Please transcribe the entries below exactly and leave out every picture.

*** Data to examine ***

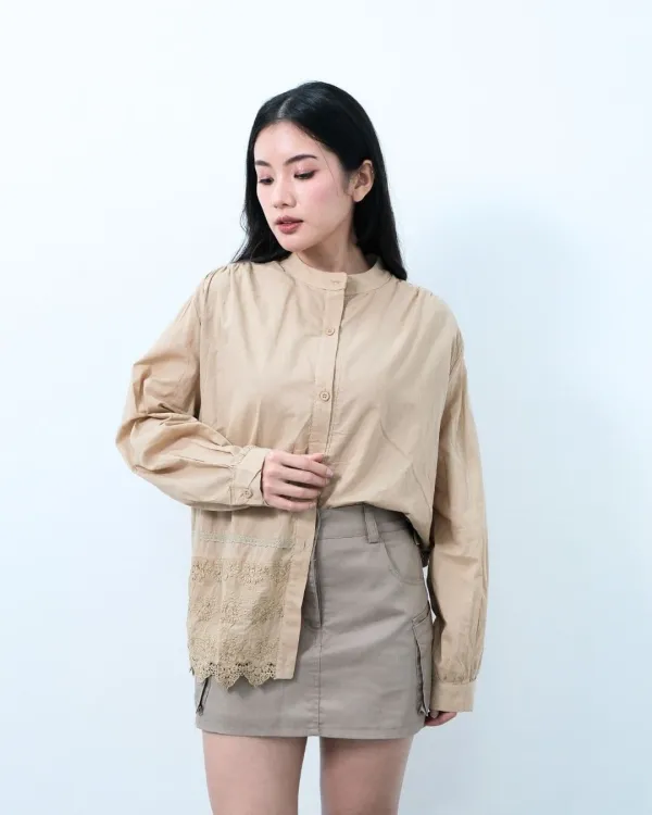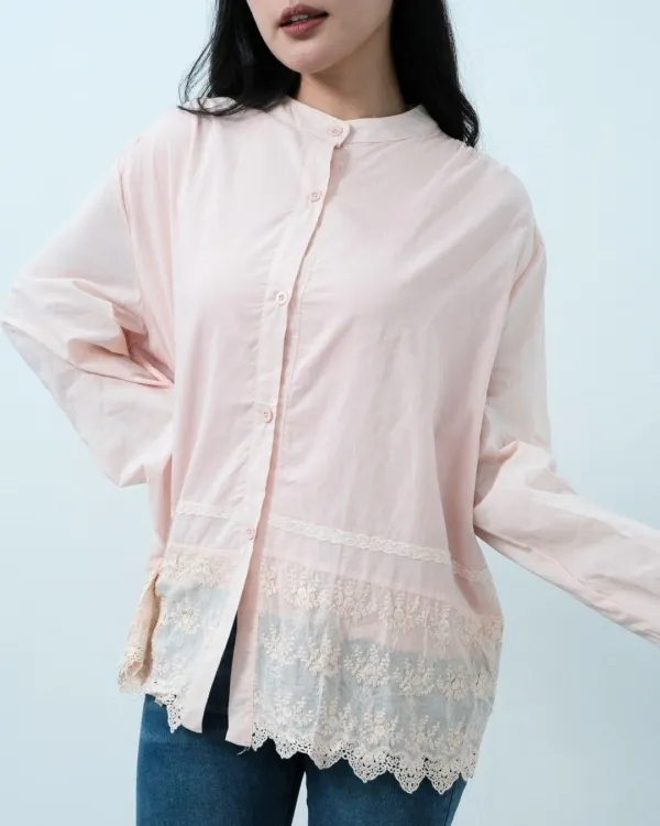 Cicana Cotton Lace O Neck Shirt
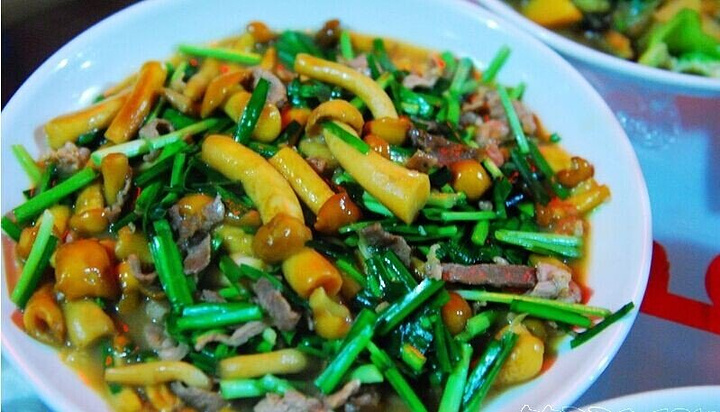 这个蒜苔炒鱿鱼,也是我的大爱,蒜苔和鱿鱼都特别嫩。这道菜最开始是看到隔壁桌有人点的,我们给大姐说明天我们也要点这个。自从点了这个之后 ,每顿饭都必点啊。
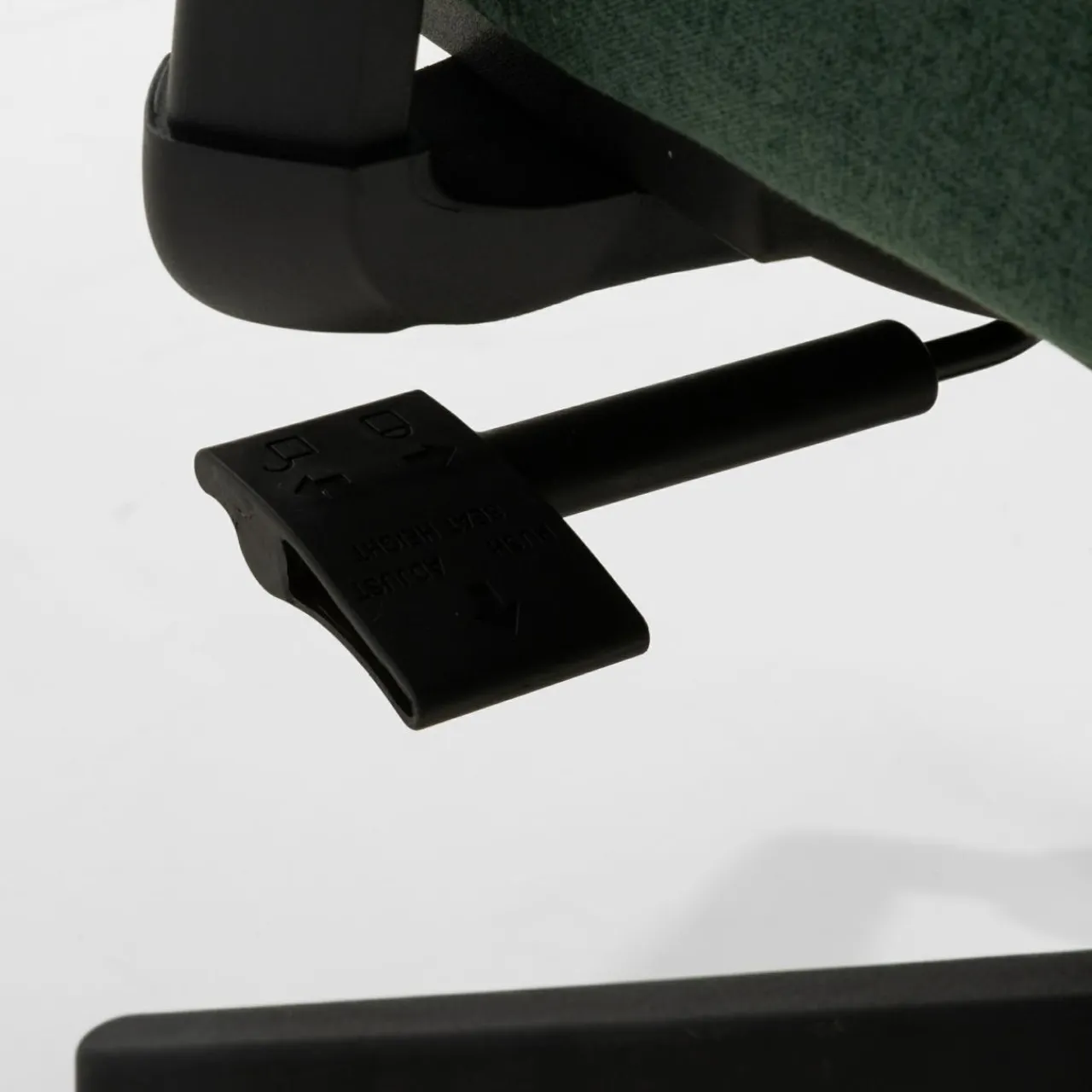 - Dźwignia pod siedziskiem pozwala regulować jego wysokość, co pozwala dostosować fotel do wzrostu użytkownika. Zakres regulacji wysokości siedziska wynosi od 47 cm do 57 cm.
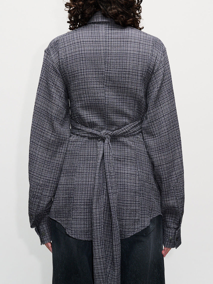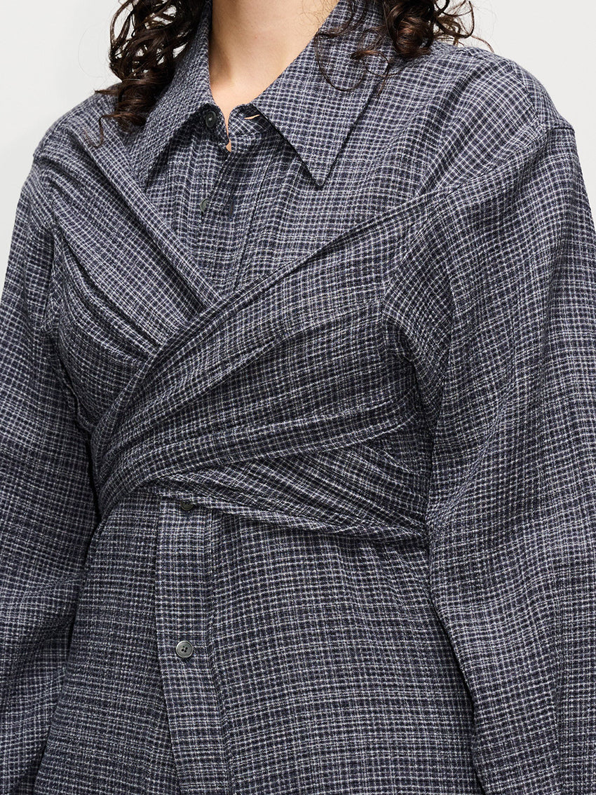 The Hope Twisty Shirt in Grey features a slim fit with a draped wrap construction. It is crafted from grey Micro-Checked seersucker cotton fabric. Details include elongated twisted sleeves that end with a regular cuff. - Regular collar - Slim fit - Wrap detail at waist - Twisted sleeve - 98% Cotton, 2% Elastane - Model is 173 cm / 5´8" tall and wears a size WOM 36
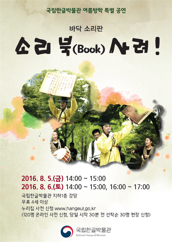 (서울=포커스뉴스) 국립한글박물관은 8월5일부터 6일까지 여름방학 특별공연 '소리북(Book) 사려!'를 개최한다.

*** End of Data to examine ***

• **Exercise answer**
 Cicana Cotton Lace O Neck Shirt
 这个蒜苔炒鱿鱼,也是我的大爱,蒜苔和鱿鱼都特别嫩。这道菜最开始是看到隔壁桌有人点的,我们给大姐说明天我们也要点这个。自从点了这个之后 ,每顿饭都必点啊。
 - Dźwignia pod siedziskiem pozwala regulować jego wysokość, co pozwala dostosować fotel do wzrostu użytkownika. Zakres regulacji wysokości siedziska wynosi od 47 cm do 57 cm.
 The Hope Twisty Shirt in Grey features a slim fit with a draped wrap construction. It is crafted from grey Micro-Checked seersucker cotton fabric. Details include elongated twisted sleeves that end with a regular cuff. - Regular collar - Slim fit - Wrap detail at waist - Twisted sleeve - 98% Cotton, 2% Elastane - Model is 173 cm / 5´8" tall and wears a size WOM 36
 (서울=포커스뉴스) 국립한글박물관은 8월5일부터 6일까지 여름방학 특별공연 '소리북(Book) 사려!'를 개최한다.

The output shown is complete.